Provided records:
.....
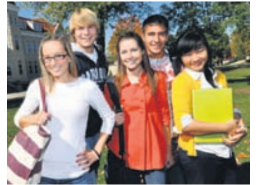
Íslenskir háskólanemar sækja mest til Danmerkur.

fullt nám við skólann, þar af flestir í Íslenska orkuháskólanum. Þeim erlendu nemendum sem sótt hafa skiptinám við Háskóla Íslands hefur fjölgað nær árlega frá 1992 fyrir utan veturinn 2007-2008. Að sama skapi hefur íslenskum nemendum fjölgað sem stunda nám erlendis með þeirri undantekningu að árin um og eftir hrun stóð fjöldinn nokkuð í stað. Eftir stígandi fjölda undanfarin ár fækka reynndar innlendum og erlendum nemendum þetta skólaárið. Flestir erlendir nemendur við Háskóla Íslands eru frá Þýskalandi, Frakklandi, Danmörku, Svíþjóð og Finnlandi en flestir íslenskir nemendur Háskóla Íslands sækja skiptinám til Danmerkur, Bretlands og Bandaríkjanna.
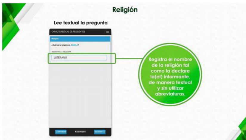
Imagen 3.

Se dieron varios ejemplos de respuestas que pudieran ser dichas por el informante. En esas opciones se colocó Católico en primer orden, lo que ya se demostró que genera registros extra, sin embargo, apareció en un listado y no como único ejemplo. Se buscó precisar al encuestador sobre lo que se pretende conocer en esa pregunta y las posibles respuestas consideradas como imprecisas, para indagar a mayor profundidad y registrar la respuesta de religión del censo. En otras ocasiones, ampliaron, que es al encuestador a quien no le parecen conocidas las respuestas pero se trata de datos registrables. Sin embargo, se especifica al encuestador: “Considera también que la (el) informante puede no tener, profesar o seguir alguna religión o creencia religiosa y declarar: ‘no tengo religión’, ‘ninguna’, ‘ateo’, ‘sin religión’, entre otras. En estos casos, recuerda nuevamente registrar textualmente lo que te declare la persona informante” (INEGI, 2020 a : 270). Acto seguido, se reafirma al trabajador del INEGI que no debe realizar discriminación alguna con motivo de religión y se agrega: “ten presente que la premisa, de acuerdo a la neutralidad propia de un censo, es registrar la religión con carácter laico, sin establecer preferencias, no calificar o discriminar ninguna creencia, de manera que se registran textualmente todas las declaraciones vertidas por las (os) informantes” (INEGI, 2020 a : 270).
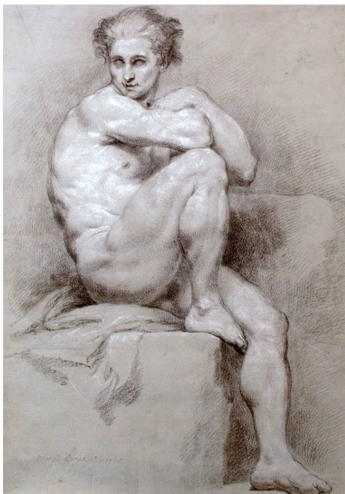
Рис. 12. П.И. Соколов. Сидящий натуращик. 1785 г. Бумага, итальянский карандаш, мел. 56,5 x 39,2. НИИМ РАХ [6].

Сохранилось большое количество графических работ художника 1780–1790-х годов. Большинство из них – однофигурные и двухфигурные постановки. В этих работах прослеживается отказ художника от идеализации, свойственной его графике ранее.
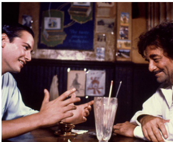
1990 TANTE JULIA ET LE SCRIBOULLARD (Tune in Tomorrow) de Jon Amiel avec Keanu Reeves
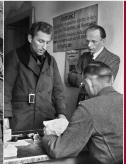
Registrierung der Flüchtlinge.
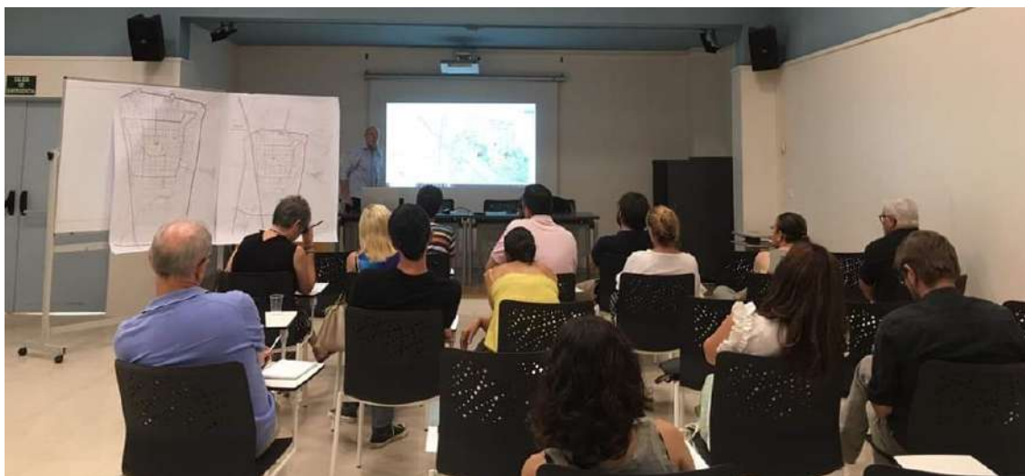
Presentació a l'Ajuntament
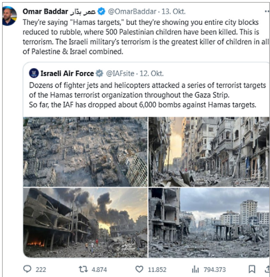
( https://twitter.com/OmarBaddar )
.....
Please retype the lines from the one that contains "1990 TANTE JULIA" to the final line of the records, both included, exactly as written and without any pictures.

1990 TANTE JULIA ET LE SCRIBOULLARD (Tune in Tomorrow) de Jon Amiel avec Keanu Reeves
Registrierung der Flüchtlinge.
Presentació a l'Ajuntament
( https://twitter.com/OmarBaddar )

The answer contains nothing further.